* **Your task**: With the pictures left aside, write out exactly the lines of the listing below from the line with "New 3-Piece Outdoor" to the line with "5番 G.G.佐藤 左安", both included, and only those.

* **Data records**:
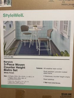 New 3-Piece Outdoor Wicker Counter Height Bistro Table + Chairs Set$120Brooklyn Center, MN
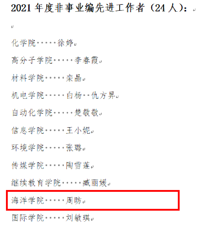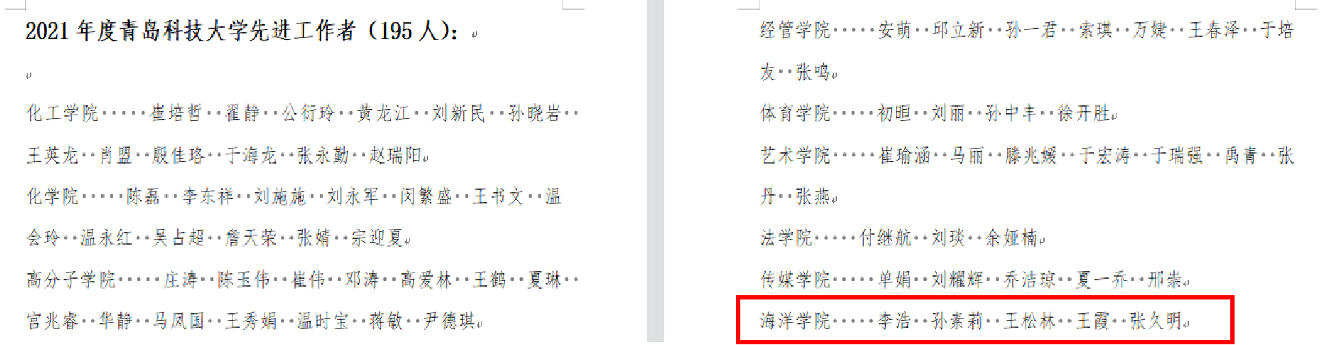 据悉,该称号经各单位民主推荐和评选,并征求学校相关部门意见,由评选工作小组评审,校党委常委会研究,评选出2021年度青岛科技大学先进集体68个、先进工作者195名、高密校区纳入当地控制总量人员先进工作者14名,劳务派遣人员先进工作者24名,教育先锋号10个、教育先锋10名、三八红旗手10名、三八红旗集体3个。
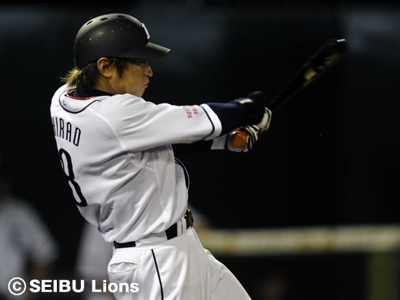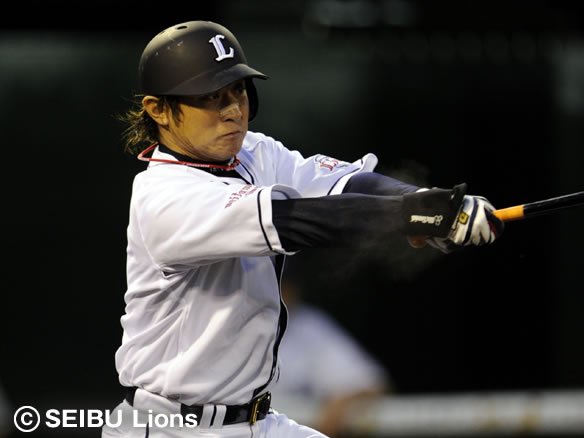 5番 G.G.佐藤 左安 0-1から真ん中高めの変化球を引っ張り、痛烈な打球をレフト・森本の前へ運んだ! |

...

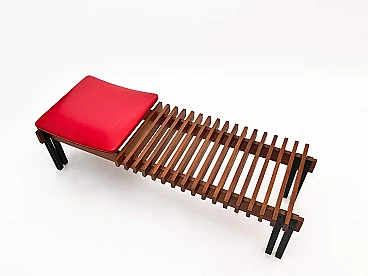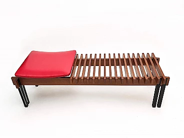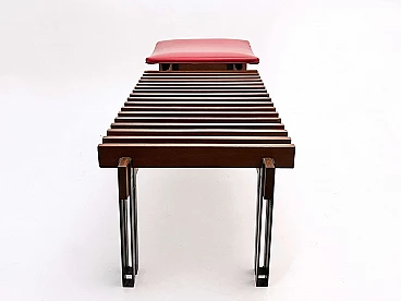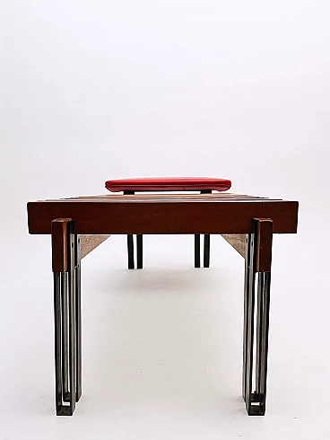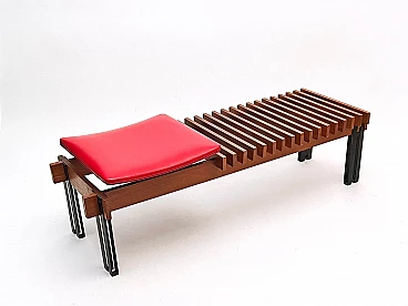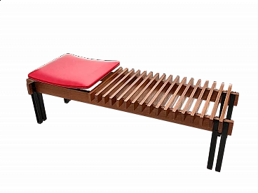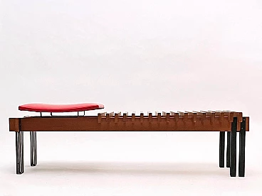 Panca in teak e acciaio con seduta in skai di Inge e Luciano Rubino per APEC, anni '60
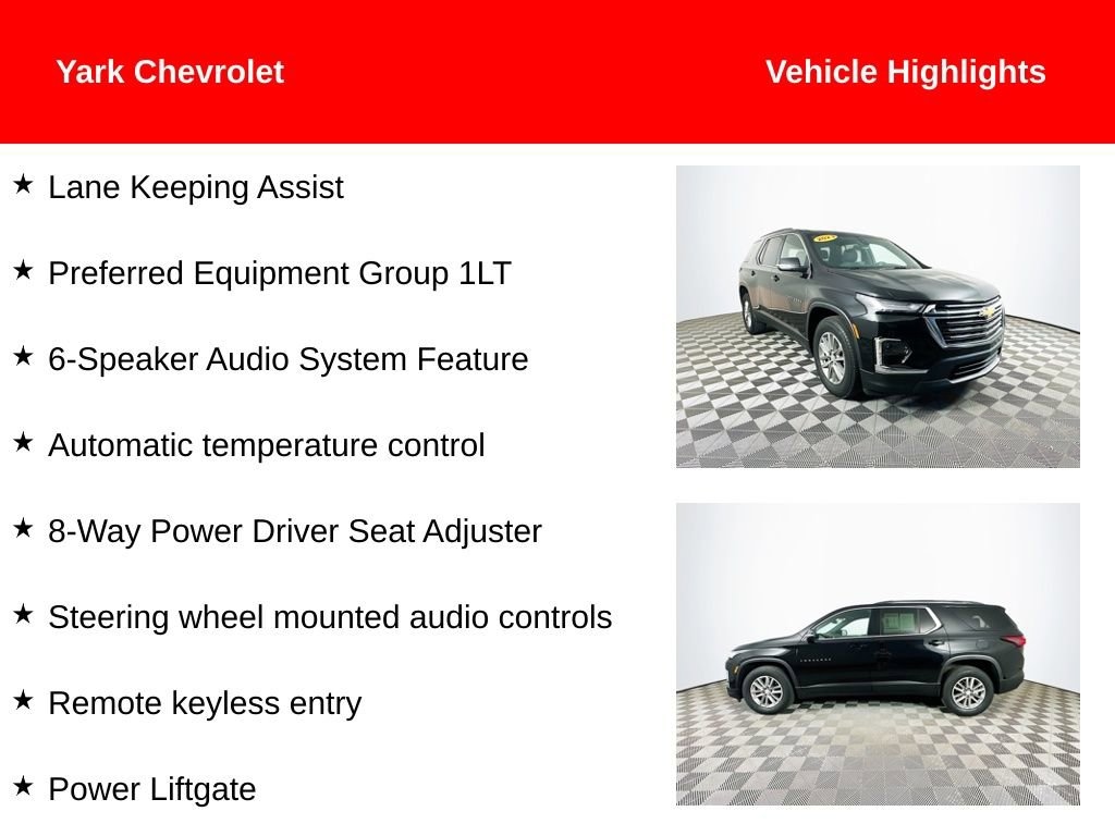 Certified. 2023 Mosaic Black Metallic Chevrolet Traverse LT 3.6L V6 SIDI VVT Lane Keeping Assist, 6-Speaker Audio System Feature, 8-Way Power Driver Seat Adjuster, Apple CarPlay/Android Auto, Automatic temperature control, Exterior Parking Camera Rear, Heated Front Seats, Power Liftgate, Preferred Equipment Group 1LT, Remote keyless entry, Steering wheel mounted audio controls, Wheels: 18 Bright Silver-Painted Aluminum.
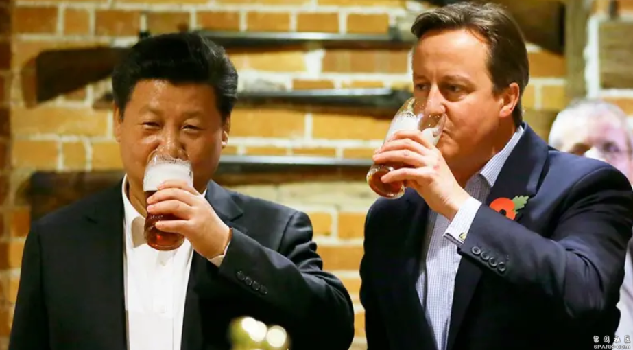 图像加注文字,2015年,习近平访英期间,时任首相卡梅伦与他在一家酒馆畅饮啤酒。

==

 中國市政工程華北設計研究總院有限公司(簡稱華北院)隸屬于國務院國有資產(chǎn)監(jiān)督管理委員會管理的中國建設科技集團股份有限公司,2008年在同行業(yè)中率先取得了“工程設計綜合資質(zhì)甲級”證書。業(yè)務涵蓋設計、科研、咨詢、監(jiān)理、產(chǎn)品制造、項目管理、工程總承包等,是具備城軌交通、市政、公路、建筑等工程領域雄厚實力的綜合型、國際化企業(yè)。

* **Result of this task**:
 New 3-Piece Outdoor Wicker Counter Height Bistro Table + Chairs Set$120Brooklyn Center, MN
 据悉,该称号经各单位民主推荐和评选,并征求学校相关部门意见,由评选工作小组评审,校党委常委会研究,评选出2021年度青岛科技大学先进集体68个、先进工作者195名、高密校区纳入当地控制总量人员先进工作者14名,劳务派遣人员先进工作者24名,教育先锋号10个、教育先锋10名、三八红旗手10名、三八红旗集体3个。
 5番 G.G.佐藤 左安 0-1から真ん中高めの変化球を引っ張り、痛烈な打球をレフト・森本の前へ運んだ! |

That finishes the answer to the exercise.